Second: If you're going to be doing a lot of baking (and, from your recent posts, it looks that way), you'd really be better off buying yeast in bulk.


----------



## abefroman

Thanks!

And yep, I plan on doing a fair amount. I have 11c of flour's worth rising right now.

Where is a good place to get bulk instant yeast? And which brand/type?


----------



## kyheirloomer

Although I'm sure there are other brands, SAF-Instant is pretty much the standard.

It's available in one-pound packages wherever bread-making supplies are sold. Not necessarily your supermarket, but from mills and places like that. King Arther and Weisenberger both sell it on-line.

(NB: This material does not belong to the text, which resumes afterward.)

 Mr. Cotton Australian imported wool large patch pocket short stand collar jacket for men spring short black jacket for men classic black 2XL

Most supermarkets stock 4-oz jars of both active dry and instant. The instant (in both jars and envelopes) will be marked "bread machine." More expensive than the one-pounders, but still better than those little envelopes.


----------



## phatch

I dislike your question as it makes a poor assumption I think.   You could raise pretty much any amount of flour dough/batter with that amount of yeast if you're willing to give it time and conditions to work. There are recipes such as no knead bread or retarded rise breads and such that work with little yeast over a longer time in off conditions. 

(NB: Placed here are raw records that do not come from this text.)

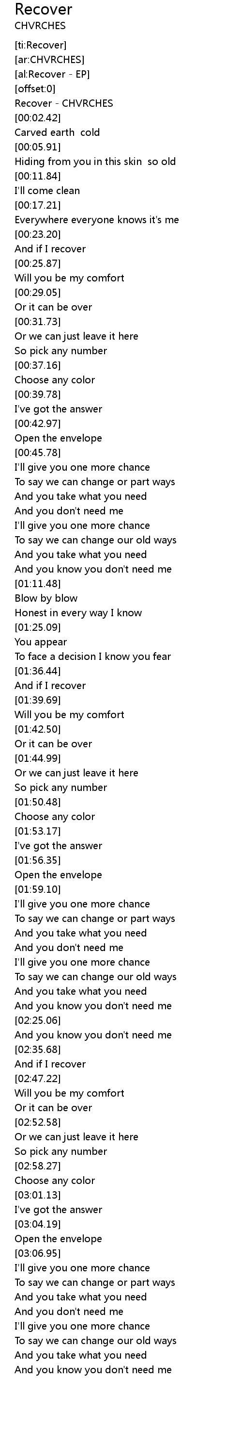 [00:01.17] Recover - CHVRCHES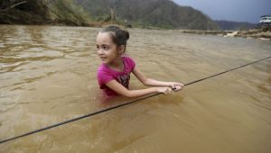 En el poblado de San Lorenzo, unos 65 kilómetros (40 millas) al oeste de San Juan, las personas atravesaban agua que les llegaba a las rodillas para obtener provisiones, debido a que el puente que cruza el río Manatí quedó destruido por la tormenta.
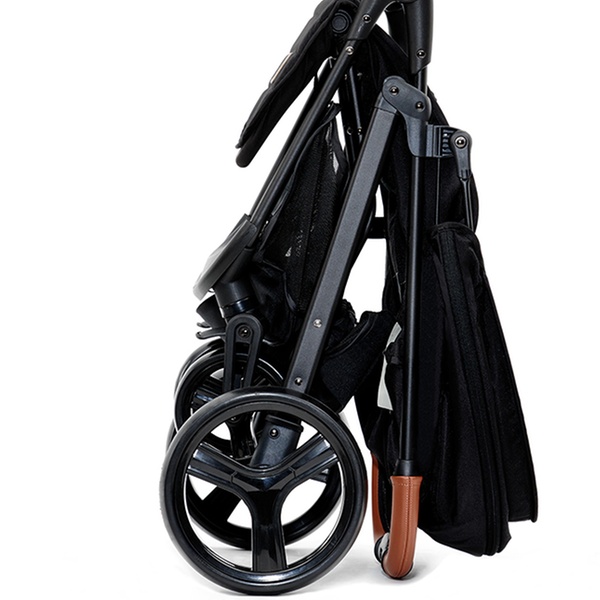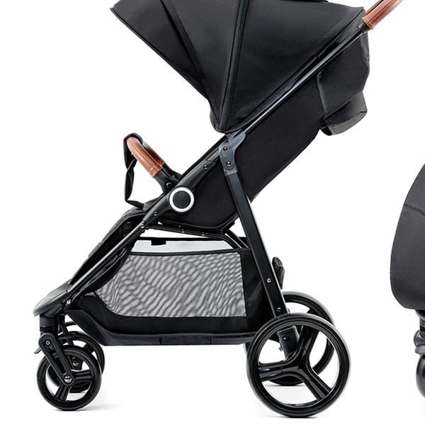 Una silla de paseo válida hasta 15 kg de peso, con ruedas de EVA y manillar con acabo en ecopiel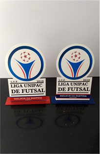 Troféu Futsal em acrílico com detalhes em relevo. Bases caixas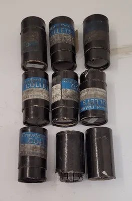 THE ITEM CONSISTS OF A LOT OF NINE CRAWFORD DEVLIEG 10SG COLLETS. THESE TOOLING ACCESSORIES FEATURE A 3/4IN DIAMETER HOLE, DESIGNED FOR PRECISION APPLICATIONS. THE COLLETS ARE IDENTIFIED AS THE 10SG MODEL MANUFACTURED BY CRAWFORD DEVLIEG.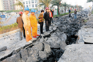 ———2013年8月14日,哈尔滨市辽阳街路面突然塌陷,4人落入深坑,两死、两伤。事故原因是连续几场强降雨造成土质沉降,致使老旧排污管线断裂,泥沙灌入人防工程洞体,最终导致地面塌陷。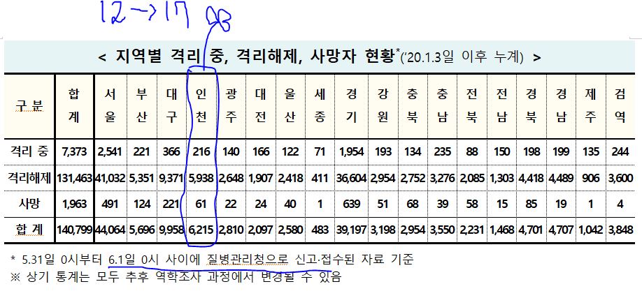[2021/06/01/0시]코로나19인천지수: 확진6,215명*(전일대비 추가 17명:지역감염 16명, 해외유입 1명) 확진6,215명*(17명:해외1명,지역16명),격리216명(3명),완치퇴원5,938명5,924명(14명),사망61명(-) [질병관리청]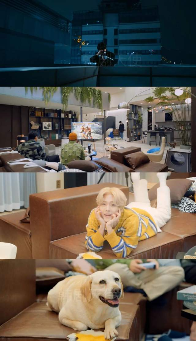 他完成今天的任务后回到家一看,家里还有两个朋友和一只大狗悠哉悠哉的打着游戏。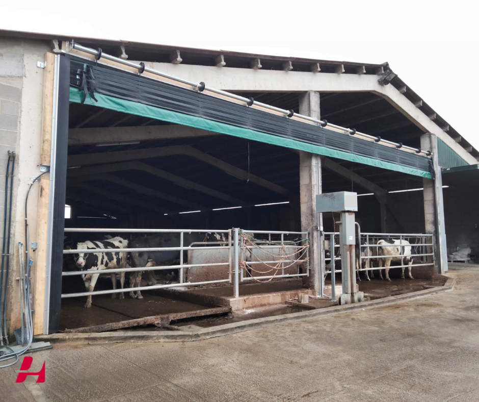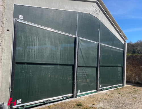 En este caso se ha instalado un sistema folding front motorizado de 13 metros y medio por 4 metros de alto que permite el cerramiento frontal de la nave. Su porcentaje de frenada es del 94% con el fin de combatir tanto el viento como la lluvia permitiendo, a su vez, la transpirabilidad.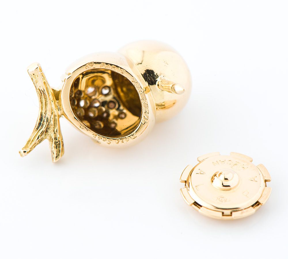 少し首を傾けた姿が愛らしい、幸福のシンボルフクロウをモチーフにしたブローチ。お腹の部分にはメレダイヤモンドがパヴェセッティングされ存在をアピール、カボションカット ブルーサファイアのつぶらな瞳がとてもキュートです。幹のテクスチャーから細やかで丁寧な仕事ぶりが伝わるチャーミングなジュエリーです。※製造元を示すと思われるロゴ刻印有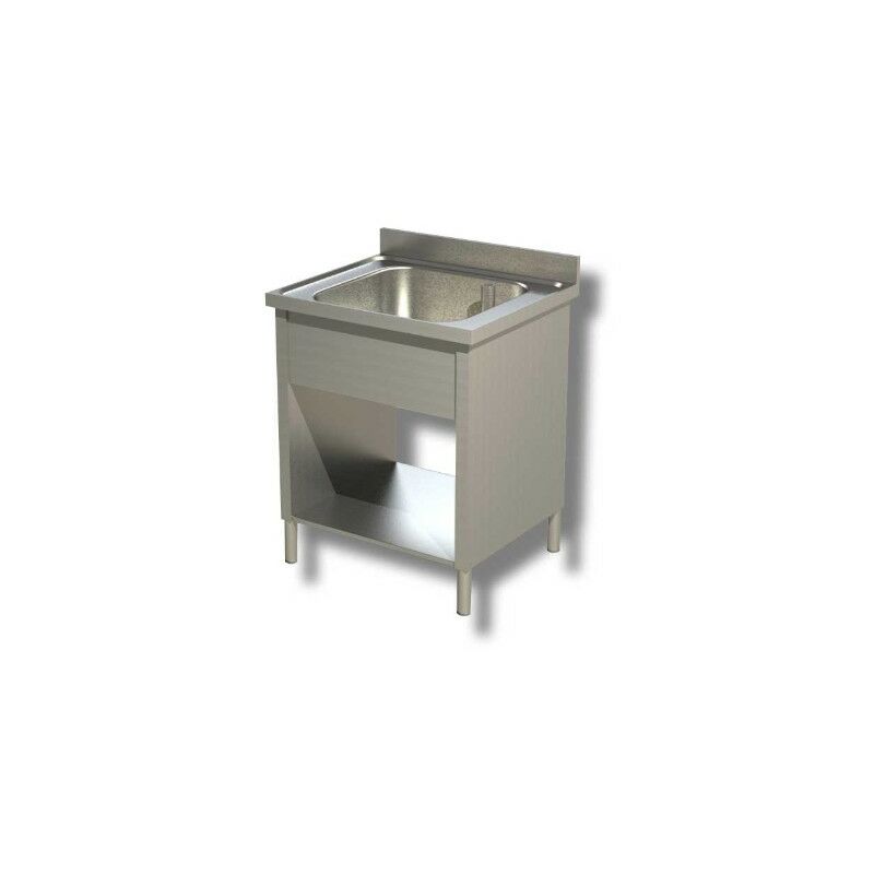 Codice RS8279 - Lavello lavatoio su fianchi e piano di fondo, modello RP-DSLF1V056, costruito in acciaio inox 18/10 AISI 304 (no 430), dimensioni cm. 50x60x85 (lxpxh), n.1 vasca dim. cm. 40x40x30 (lxpxh). Vasca stampata spessore 1 mm, piano con spessore 40 mm, alzatina posteriore spessore 20 mm e altezza 100 mm. Gambe con profilo quadrato 40x40 mm con piedini regolabili in altezza. In dotazione: piletta di scarico d. 46 mm e tubo troppo pieno.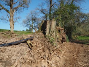 Nearly completed clearance of the two huge trees at the entrance to Withy Moor and stumps up-righted in the hedge.

To assume a standard rise/punch down/second rise over some few hours is to limit yourself. Lots of good within those limits but you should also know hot to think broader with yeast.


----------



## abefroman

phatch said:


> I dislike your question as it makes a poor assumption I think. You could raise pretty much any amount of flour dough/batter with that amount of yeast if you're willing to give it time and conditions to work. There are recipes such as no knead bread or retarded rise breads and such that work with little yeast over a longer time in off conditions.
> 
> To assume a standard rise/punch down/second rise over some few hours is to limit yourself. Lots of good within those limits but you should also know hot to think broader with yeast.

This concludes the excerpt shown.